- [Supplied information]:
####################

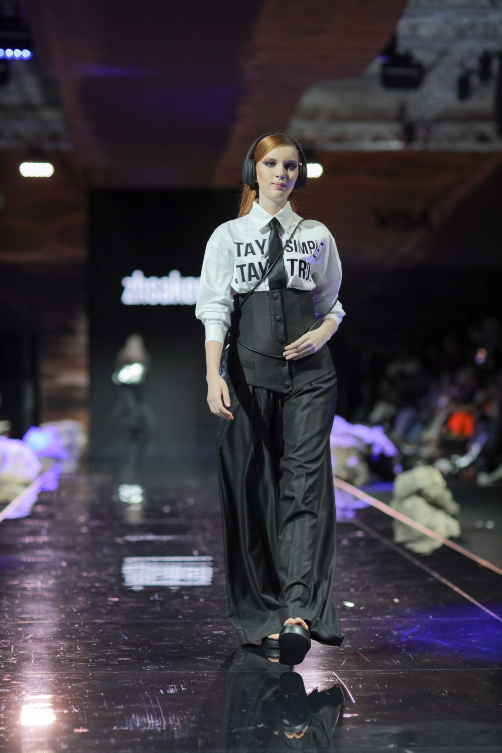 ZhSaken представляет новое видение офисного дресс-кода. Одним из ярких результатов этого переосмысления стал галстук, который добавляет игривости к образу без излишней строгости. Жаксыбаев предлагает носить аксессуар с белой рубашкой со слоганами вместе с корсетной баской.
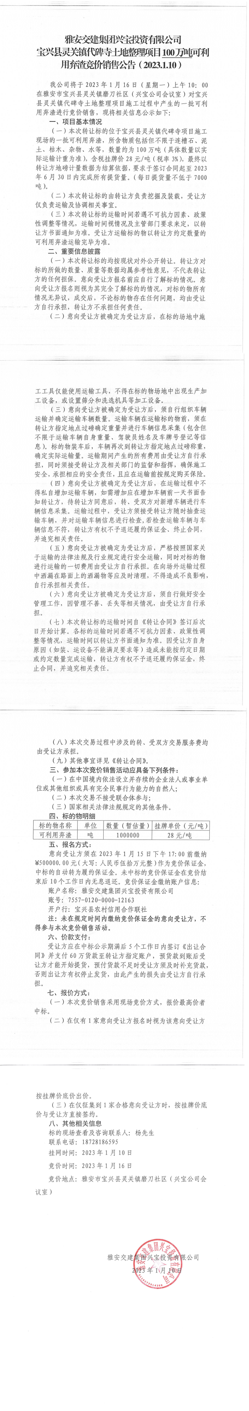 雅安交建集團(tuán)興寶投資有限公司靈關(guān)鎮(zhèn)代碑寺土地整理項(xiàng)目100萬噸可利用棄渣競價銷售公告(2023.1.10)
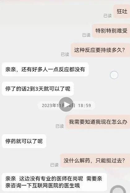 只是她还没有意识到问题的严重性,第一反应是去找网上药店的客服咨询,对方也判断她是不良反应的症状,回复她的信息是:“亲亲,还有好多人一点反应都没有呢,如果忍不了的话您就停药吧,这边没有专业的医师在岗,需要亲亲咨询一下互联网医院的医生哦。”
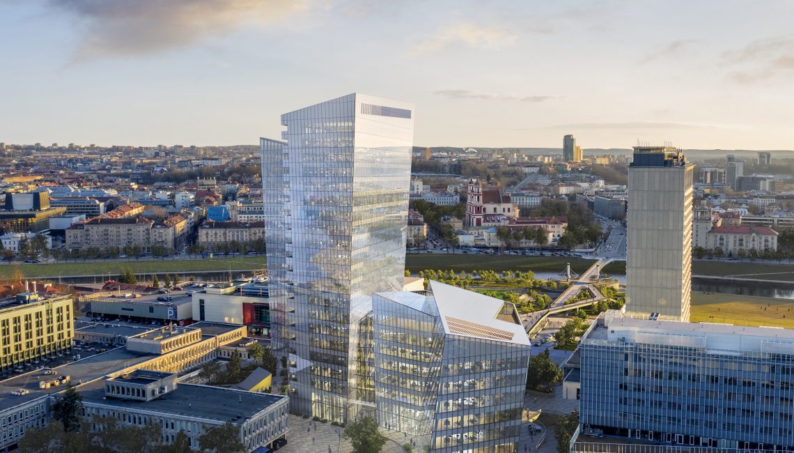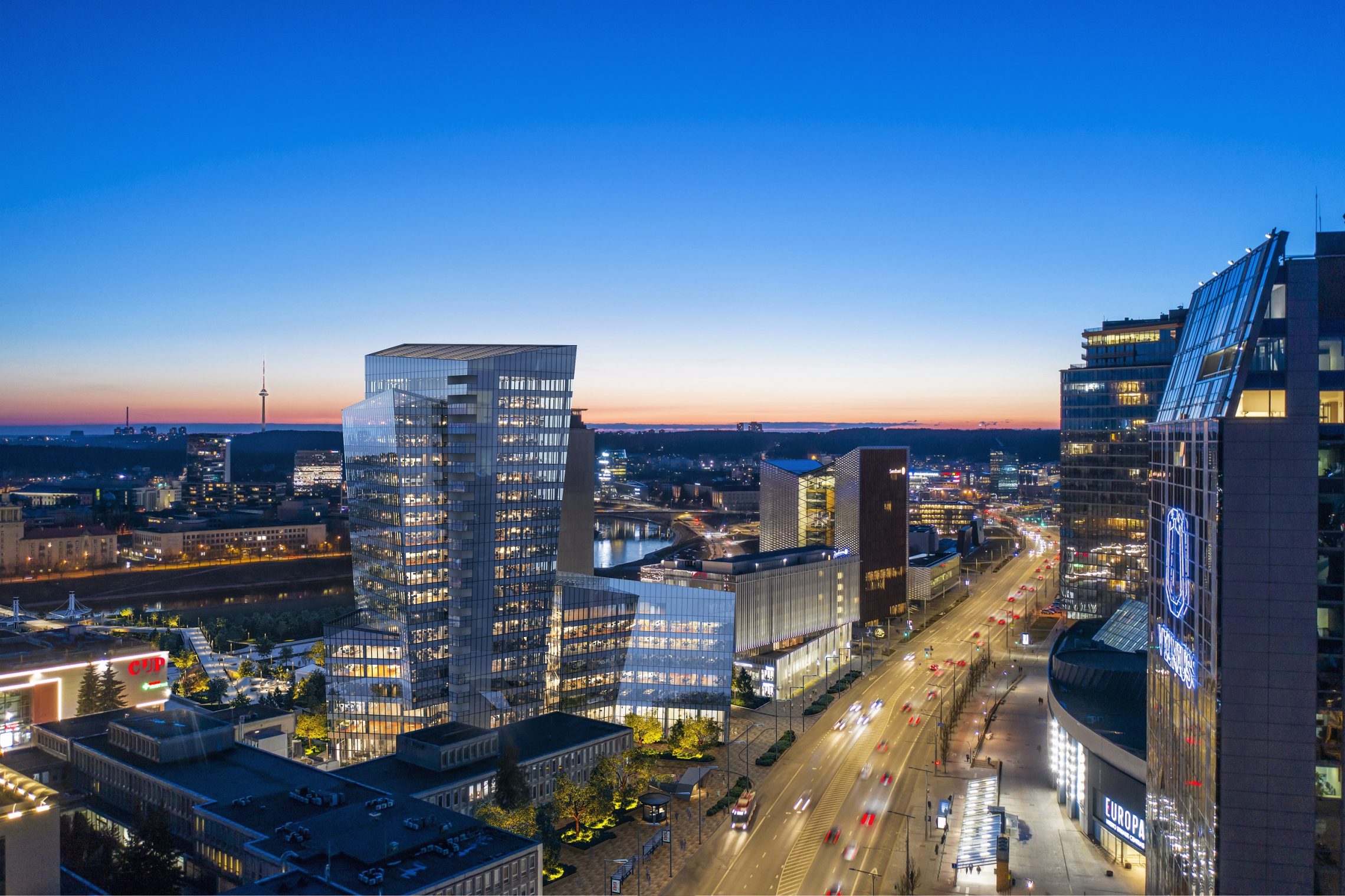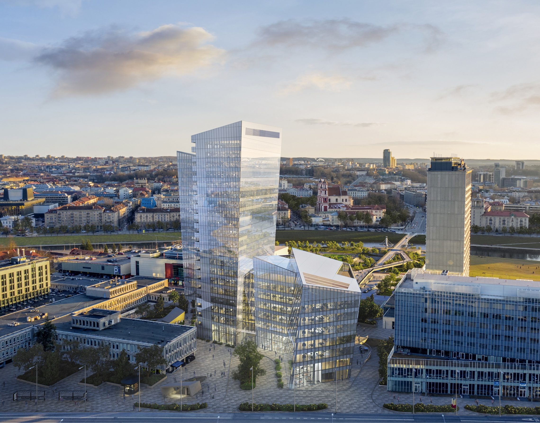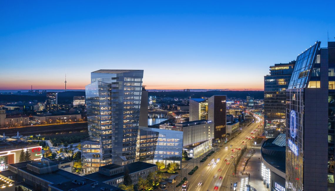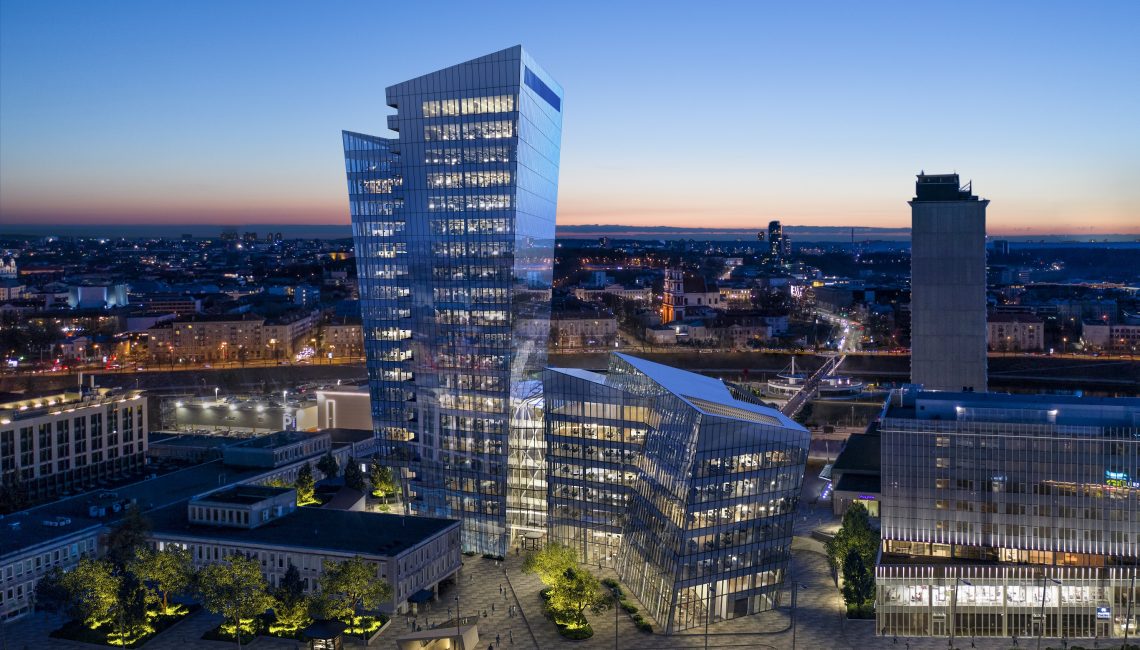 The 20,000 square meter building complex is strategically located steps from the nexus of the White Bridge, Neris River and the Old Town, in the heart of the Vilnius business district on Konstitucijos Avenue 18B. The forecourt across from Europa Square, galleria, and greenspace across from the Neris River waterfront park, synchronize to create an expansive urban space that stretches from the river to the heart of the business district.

####################

- [Exercise]: From the line containing "雅安交建集團(tuán)興寶" to the end of the listing, restate each line word for word and nothing more; the pictures stay out.

- [Solution for this task]:
 雅安交建集團(tuán)興寶投資有限公司靈關(guān)鎮(zhèn)代碑寺土地整理項(xiàng)目100萬噸可利用棄渣競價銷售公告(2023.1.10)
 只是她还没有意识到问题的严重性,第一反应是去找网上药店的客服咨询,对方也判断她是不良反应的症状,回复她的信息是:“亲亲,还有好多人一点反应都没有呢,如果忍不了的话您就停药吧,这边没有专业的医师在岗,需要亲亲咨询一下互联网医院的医生哦。”
 The 20,000 square meter building complex is strategically located steps from the nexus of the White Bridge, Neris River and the Old Town, in the heart of the Vilnius business district on Konstitucijos Avenue 18B. The forecourt across from Europa Square, galleria, and greenspace across from the Neris River waterfront park, synchronize to create an expansive urban space that stretches from the river to the heart of the business district.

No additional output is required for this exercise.